Somatic work becomes more natural when we practice it personally, not just clinically. A helpful starting point is simply noticing: How do I relate to my own body right now—like a friend, a foe, or something I ignore? When we become more familiar with our own signals, it’s easier to guide clients without forcing anything.

If you’re newer to somatic approaches, it helps to go slowly. Small interventions build confidence over time, especially if you’ve already been working with a client in a more talk-therapy frame. The goal isn’t to “do somatics perfectly.” The goal is to widen the lens of what you’re paying attention to, and to offer clients simple tools that help them feel steadier, more present, and more connected to themselves.

Speak The Language Of Sensation

Many of us are trained to track thoughts and feelings, but it’s easy to skip over the body because we don’t always have the vocabulary. Somatic language is often surprisingly simple: describe what’s happening with sensation.

If someone says, “I feel heavy,” you can slow it down and get curious:

  • Where do you notice that heaviness—chest, shoulders, stomach, throat?

  • Does it feel sharp or dull? Warm or cool? Dense or hollow?

  • Does it stay still, pulse, spread, tighten, or soften?

  • How do you feel toward it—curious, annoyed, scared, tired, protective?

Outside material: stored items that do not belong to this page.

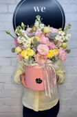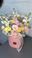 Ніжна композиція з рожевою еустомою, трояндами та матіолою — витончене поєднання ароматних квітів для особливих моментів.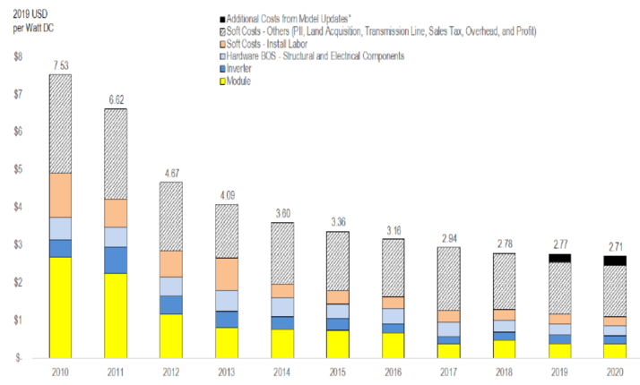 從2019年到2020年,住宅太陽能發(fā)電系統(tǒng)成本基準下降了2%。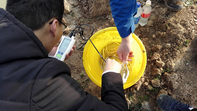 課題組一行在聽取項目概況和有關介紹后,實地察看了中湖地質(zhì)環(huán)境治理項目(一期、二期)總體控制性詳細規(guī)劃區(qū)域。根據(jù)察看結(jié)果和背景資料,分析了該科研項目當前緊迫的任務、現(xiàn)場地形地貌和周邊環(huán)境(特別是水系和塌陷區(qū)采空層情況),具體采樣工作包括采集土樣、水樣、沉降觀測點的選擇,并實時檢測了水樣的pH值等基礎指標等。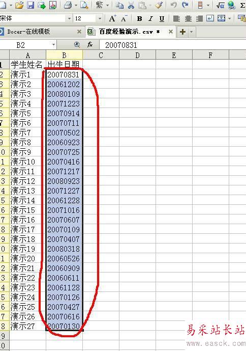 2、下面以排列時間為例子。把鼠標移到要排列的內容上,點擊鼠標左鍵不動,選出要排列的所有內容。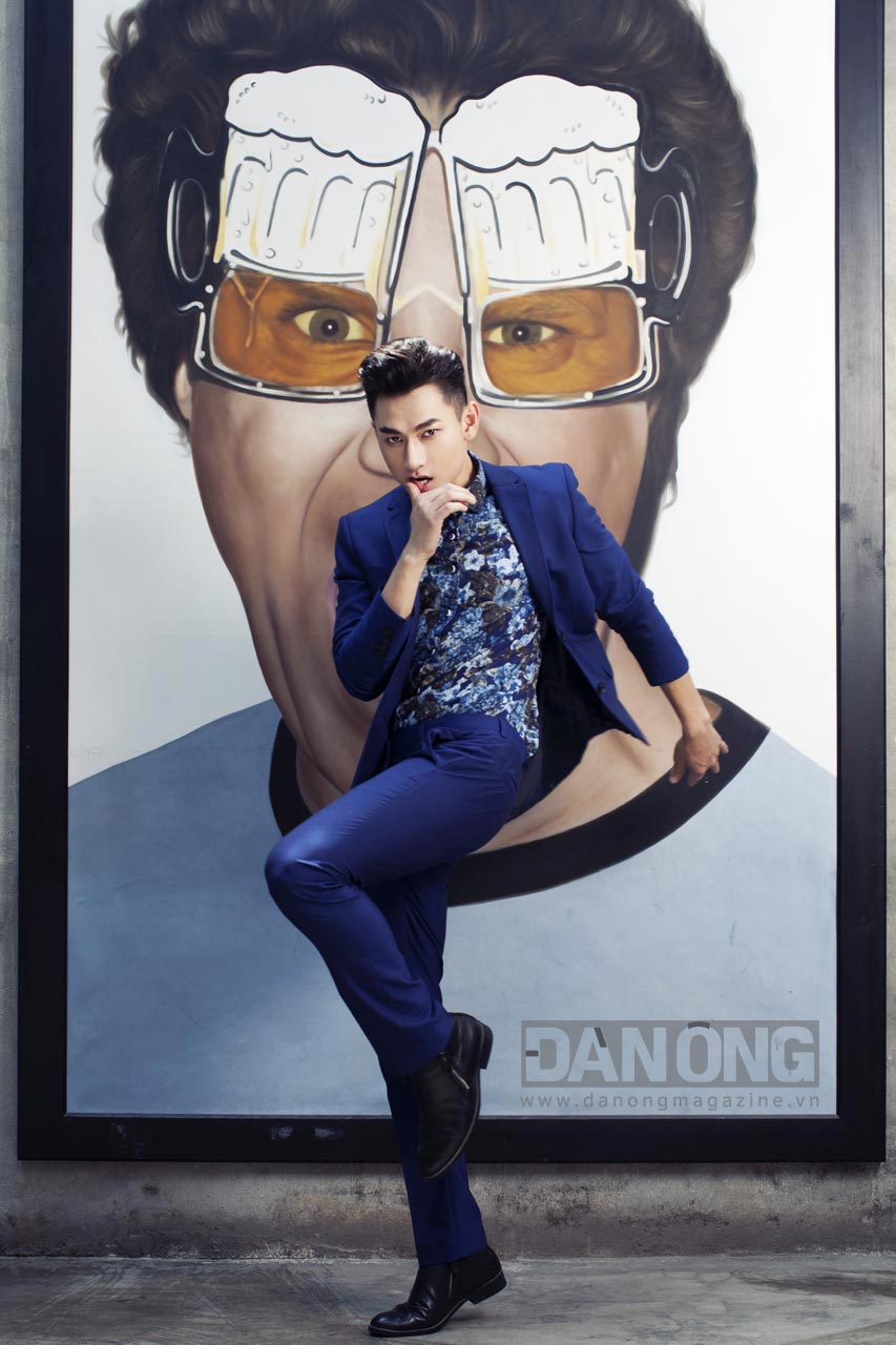 Với S.T, anh không bó buộc bản thân bằng cách diện vest truyền thống mà luôn tìm tòi nhữngng cái mới, trải nghiệm nó một cách thích thú và biến nó trở thành dấu ấn cá nhân. Với bộ vest xanh coban nổi bần bật, anh chọn kết hợp cùng áo thun họa tiết thêu hoa đỏ thắm.

This kind of inquiry isn’t about interpretation. It’s about building awareness, creating choice, and helping a client stay with what’s true in the moment without getting swallowed by it.

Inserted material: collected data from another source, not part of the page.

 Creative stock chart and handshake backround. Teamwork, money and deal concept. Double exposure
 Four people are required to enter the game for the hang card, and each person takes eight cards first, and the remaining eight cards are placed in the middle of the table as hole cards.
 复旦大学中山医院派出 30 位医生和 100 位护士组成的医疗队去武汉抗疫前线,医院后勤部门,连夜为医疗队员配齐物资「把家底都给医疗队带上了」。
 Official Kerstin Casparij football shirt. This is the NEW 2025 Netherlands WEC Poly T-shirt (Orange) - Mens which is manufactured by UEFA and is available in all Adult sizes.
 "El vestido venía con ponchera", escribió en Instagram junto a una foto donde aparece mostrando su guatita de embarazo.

Four Simple Somatic Practices You Can Use

The video offers several approachable exercises that can be integrated into many therapy sessions. They work especially well as quick “resets” when someone is anxious, shut down, or flooded.

  • Check-in (present-moment awareness). Ask: “How is your body doing right now?” A menu helps clients who feel blank or overwhelmed—tired, heavy, alive, grounded, centered, in pain, disconnected. The point is noticing, not judging.

  • Orienting. Slowly scan the room and notice what’s around you. For anxious clients, make it concrete: name three green things, or look for specific shapes. Turning the head and looking behind you can also support a felt sense of safety.

  • Grounding. Bring attention to the feet as anchors. Imagine roots extending downward. Press the feet gently, engage the legs, then release. You can add small movements—rock heel-to-toe or side-to-side. Throughout, check: does this feel better or worse? If it makes things worse, stop and try something else.

  • Centering. Find a comfortable, upright alignment. Roll the shoulders back and down. Sense the spine stacking. Many clients can immediately feel the difference between collapse and centeredness, even with subtle shifts.

A Trauma-Sensitive Note

For many trauma survivors, the body can feel unsafe. Some people feel betrayed by their bodies, or “phobic” of sensation because it brings up too much, too fast. In those moments, the goal isn’t to push body awareness. The goal is titration: going slowly, staying curious, and building safety.

Sometimes the most helpful question is gentle and future-oriented: “Would you like to have a kinder relationship with your body someday?” If a protective “no” shows up, that’s not a problem—it’s valuable information. That response can be met with the same curiosity and respect you’d offer any other protective strategy.

The Takeaway

Somatic therapy doesn’t have to be complicated to be effective. It can begin with small moments of noticing, simple language, and brief practices that support regulation. When clients learn to track their bodies with curiosity—rather than fear, judgment, or avoidance—they often gain access to more clarity, more steadiness, and more choice. And over time, that shift can change the entire therapeutic process: the body becomes less of an obstacle and more of an ally.